• [About this task]
All lines from the one that contains "무수하게 많은 모아이들이 운반되지 못하고 산 중턱에 묻혀있는 곳이지요." to the end of the data must be retyped exactly. Pictures are not retyped.
━━━ Exercise materials
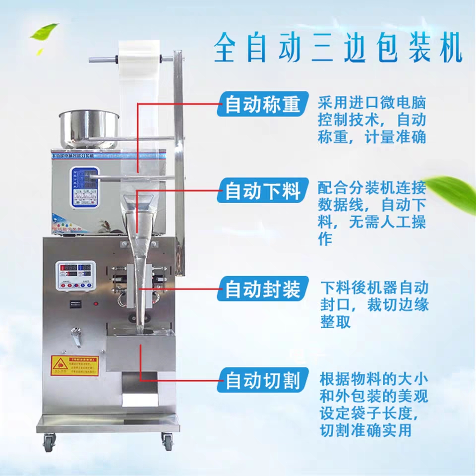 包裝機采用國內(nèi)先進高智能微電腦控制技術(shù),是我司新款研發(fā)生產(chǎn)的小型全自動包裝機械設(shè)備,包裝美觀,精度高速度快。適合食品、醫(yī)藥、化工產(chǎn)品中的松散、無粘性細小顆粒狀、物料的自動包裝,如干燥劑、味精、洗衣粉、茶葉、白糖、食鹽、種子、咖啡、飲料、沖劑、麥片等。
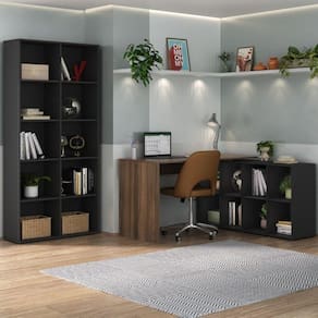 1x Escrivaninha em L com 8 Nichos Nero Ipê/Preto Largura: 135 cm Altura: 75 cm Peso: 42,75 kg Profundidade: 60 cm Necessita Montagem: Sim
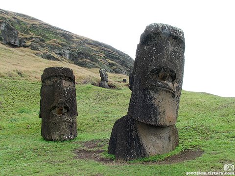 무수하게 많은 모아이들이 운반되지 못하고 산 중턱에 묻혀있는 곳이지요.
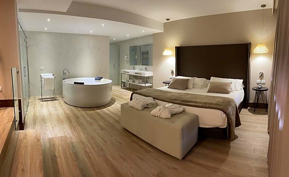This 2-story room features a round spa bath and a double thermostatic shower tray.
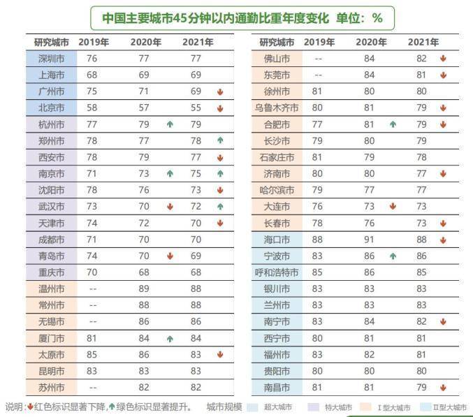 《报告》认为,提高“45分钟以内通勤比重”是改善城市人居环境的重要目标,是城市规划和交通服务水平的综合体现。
━━━━━━
• [Output]
 무수하게 많은 모아이들이 운반되지 못하고 산 중턱에 묻혀있는 곳이지요.
This 2-story room features a round spa bath and a double thermostatic shower tray.
 《报告》认为,提高“45分钟以内通勤比重”是改善城市人居环境的重要目标,是城市规划和交通服务水平的综合体现。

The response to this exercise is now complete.